Lincoln greets me at the counter, and says, “The usual?”

“Tall cap, non-fat, ristretto, extra hot, with one pump of mocha, light whip and salt.”

“Dry?”

“Yes please.”

“Haven’t seen you here in awhile,” Sarah says with her cheery smile, who is busy making my beverage.

“Yeah, I know.”

I love hearing the sound of the espresso machine as it screeches, before the dark caramel-hued liquid drops into the shiny shotglasses.

I head back to the car to find Boy dog sitting in the driver’s seat, or Girl dog posed in the passenger seat.

As I drive away, I roll the windows all the way down, so my animal children can feel the cool air caress their soft fur like an ocean breeze hugs warm naked skin.

As I turn down the gravel road to my home, cardinals chirp, squirrels carrying nuts scurry, and bunnies scamper.
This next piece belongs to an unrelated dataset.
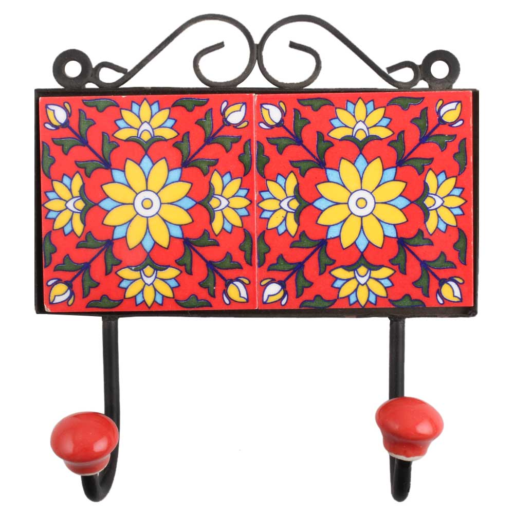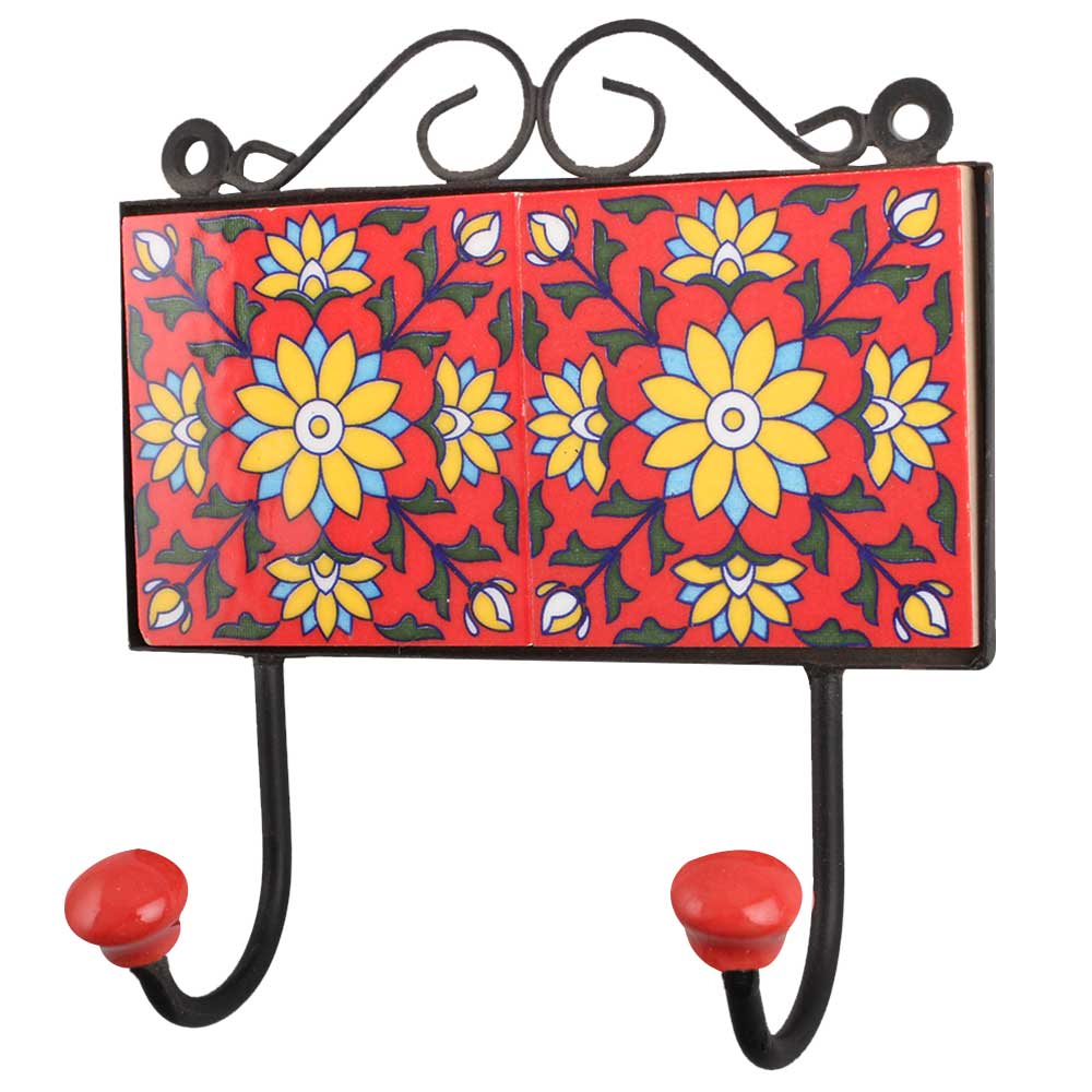 Red Yellow Floral Tiles Hook
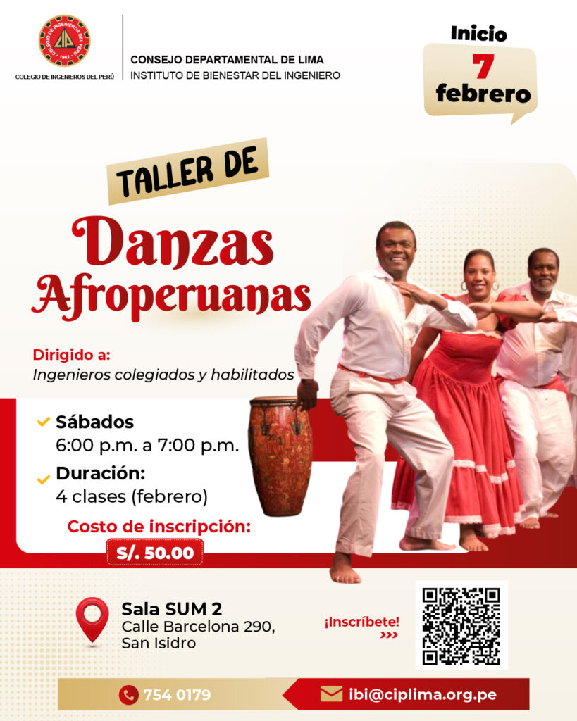 El Instituto de Bienestar del Ingeniero del Consejo Departamental de Lima – CIP presenta su Taller de Danzas Afroperuanas, un espacio para aprender, expresarte y celebrar nuestras raíces afroperuanas al ritmo del cajón y el zapateo.

The oak, walnut, and maple trees are dressed in celery greens and corn-maize yellows ready for their fall fashion show.

Opening the door from the garage to the kitchen, I tell Boy dog to “push it,” and he gently nudges it open with his nose.

Girl kitty is waiting for our arrival home, talking in her best ‘quack’ voice that we’ve been gone way too long!

As I pen this note on the deck, the dog children rest nearby – one sleeping, the other pensive and curious about the sounds and sights on our property.

The Cleomes, bathed in shades of lavender, are favorites of the hummingbirds. I study their lacy blooms that fan out in a helicopter-like pattern.

All is right with the world.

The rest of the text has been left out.